Maybe that’s the reason the younger Coen seems happy to let off so much steam here. Cheesy scene transitions and the odd psychedelic pizza sequence which would look more at home on the scoring screens of a Hollywood Bowl than a thriller have a healthily therapeutic tone to them – one explored with the lightness of a self-care spa weekend more than an exercise in emotional exorcism.

Read more: Joel Coen reviews his brother Ethan’s latest film, Drive-Away Dolls

As a leading duo, Jamie and Marian are portrayed with far more affection than the irritating man-babies the Coens between them have tended to fall back on. Qualley’s character is peppy and forthright, Viswanathan’s reserved and occasionally sullen, but both actors bleed charm and warmth throughout. It’s especially impressive since the relative unknowns are surrounded by some huge names, often in blink-and-you’ll miss them supporting roles. Colman Domingo, Pedro Pascal and Matt Damon remind us of the glitziness of the director’s phonebook, but the fact that the return to the protagonists’ journey was always a welcome one speaks volumes to the level of talent on display.
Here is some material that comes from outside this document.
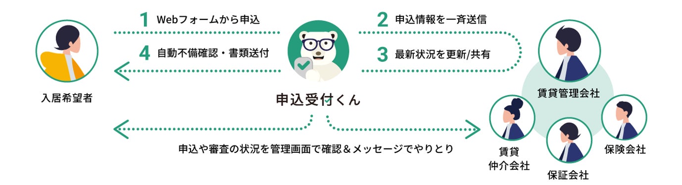 また、入居希望者がWeb上で入力した入居申込情報を仲介会社や家賃債務保証会社などに連携することで、申込手続きから審査までが簡素化されるなど、円滑な申込手続きを実現します。

The whole film seems to exist in a slightly parallel vision of America in 1999. This portrait of a United States packed full of uninhibited, unharassed lesbian bars, with an incompetent criminal underclass more concerned with their roles in “the service industry” than real-world violence, feels not so much like nostalgia looking back to the nineties as optimism looking forward to them. Some will see this as sanitisation – for me, it felt too joyful for all that. The disproportionate barrage of one-star audience reviews Drive-Away Dolls has already attracted speaks to just how speculative this vision of a divided country is – and how badly positive films like this oneare needed.

Drive-Away Dolls is a frothy, inessential comedy-thriller in a way that only makes it feel more essential. What it lacks in discipline and heft it makes up for in good-natured humour and snappy pacing. I feel like it should be celebrated for that. After all, if we can’t have cooky plots and bumbling, likeable characters at the movies – where can we have them?

Drive-Away Dolls is out in UK cinemas on the 15th March.